*Assignment*:
After locating the line with "எடுத்துக்காட்டாக, மூவிணைய பியூட்டைல்" in the entries below, output it and each following line up to and including the line with "科瓦西奇(29歲):切爾西→", exactly and without pictures.

*Records for this exercise*:
⁂

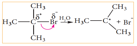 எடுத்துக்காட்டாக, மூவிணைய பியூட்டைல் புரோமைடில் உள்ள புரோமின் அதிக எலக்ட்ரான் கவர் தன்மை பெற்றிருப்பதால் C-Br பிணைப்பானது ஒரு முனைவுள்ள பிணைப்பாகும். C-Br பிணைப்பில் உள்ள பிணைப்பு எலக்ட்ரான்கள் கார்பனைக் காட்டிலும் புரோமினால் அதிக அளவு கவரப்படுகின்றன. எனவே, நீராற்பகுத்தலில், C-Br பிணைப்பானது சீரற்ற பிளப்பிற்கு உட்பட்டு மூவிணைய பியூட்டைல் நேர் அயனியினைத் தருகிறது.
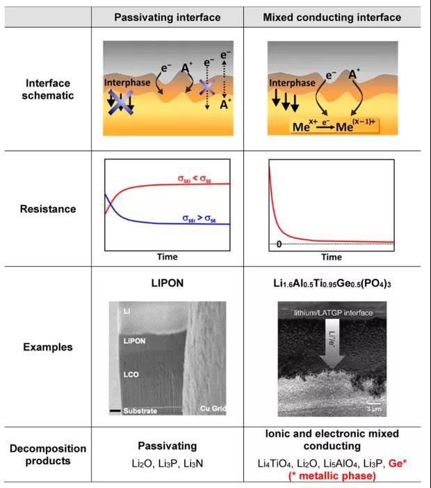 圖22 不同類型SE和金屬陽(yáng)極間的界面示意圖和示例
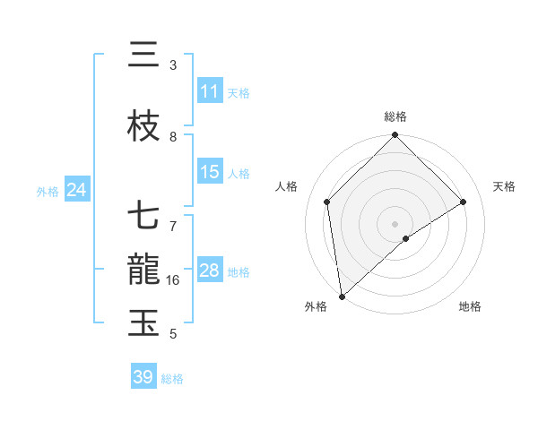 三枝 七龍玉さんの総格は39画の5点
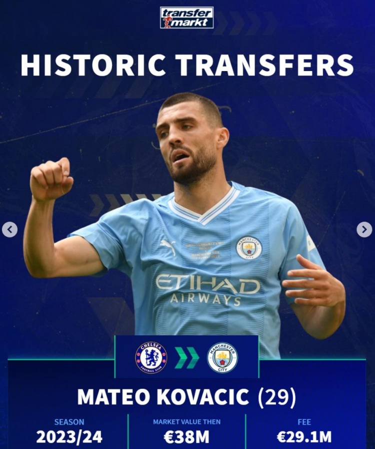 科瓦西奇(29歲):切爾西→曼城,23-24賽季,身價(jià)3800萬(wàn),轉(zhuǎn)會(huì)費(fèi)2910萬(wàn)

⁂

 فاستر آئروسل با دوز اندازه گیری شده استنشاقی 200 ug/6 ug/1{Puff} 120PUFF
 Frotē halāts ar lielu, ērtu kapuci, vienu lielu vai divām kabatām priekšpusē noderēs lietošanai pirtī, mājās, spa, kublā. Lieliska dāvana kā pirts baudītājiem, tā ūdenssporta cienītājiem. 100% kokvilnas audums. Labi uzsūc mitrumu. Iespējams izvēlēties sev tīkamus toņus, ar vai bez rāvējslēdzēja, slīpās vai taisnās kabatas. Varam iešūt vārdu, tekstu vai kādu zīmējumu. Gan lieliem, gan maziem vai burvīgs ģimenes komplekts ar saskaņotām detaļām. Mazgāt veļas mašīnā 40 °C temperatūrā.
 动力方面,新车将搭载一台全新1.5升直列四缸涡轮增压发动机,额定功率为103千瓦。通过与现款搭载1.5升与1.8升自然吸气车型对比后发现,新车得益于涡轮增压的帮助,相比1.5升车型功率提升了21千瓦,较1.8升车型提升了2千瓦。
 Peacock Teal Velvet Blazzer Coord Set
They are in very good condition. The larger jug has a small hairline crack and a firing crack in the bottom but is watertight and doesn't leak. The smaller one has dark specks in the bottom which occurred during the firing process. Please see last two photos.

⁂

*Finished task*:
 எடுத்துக்காட்டாக, மூவிணைய பியூட்டைல் புரோமைடில் உள்ள புரோமின் அதிக எலக்ட்ரான் கவர் தன்மை பெற்றிருப்பதால் C-Br பிணைப்பானது ஒரு முனைவுள்ள பிணைப்பாகும். C-Br பிணைப்பில் உள்ள பிணைப்பு எலக்ட்ரான்கள் கார்பனைக் காட்டிலும் புரோமினால் அதிக அளவு கவரப்படுகின்றன. எனவே, நீராற்பகுத்தலில், C-Br பிணைப்பானது சீரற்ற பிளப்பிற்கு உட்பட்டு மூவிணைய பியூட்டைல் நேர் அயனியினைத் தருகிறது.
 圖22 不同類型SE和金屬陽(yáng)極間的界面示意圖和示例
 三枝 七龍玉さんの総格は39画の5点
 科瓦西奇(29歲):切爾西→曼城,23-24賽季,身價(jià)3800萬(wàn),轉(zhuǎn)會(huì)費(fèi)2910萬(wàn)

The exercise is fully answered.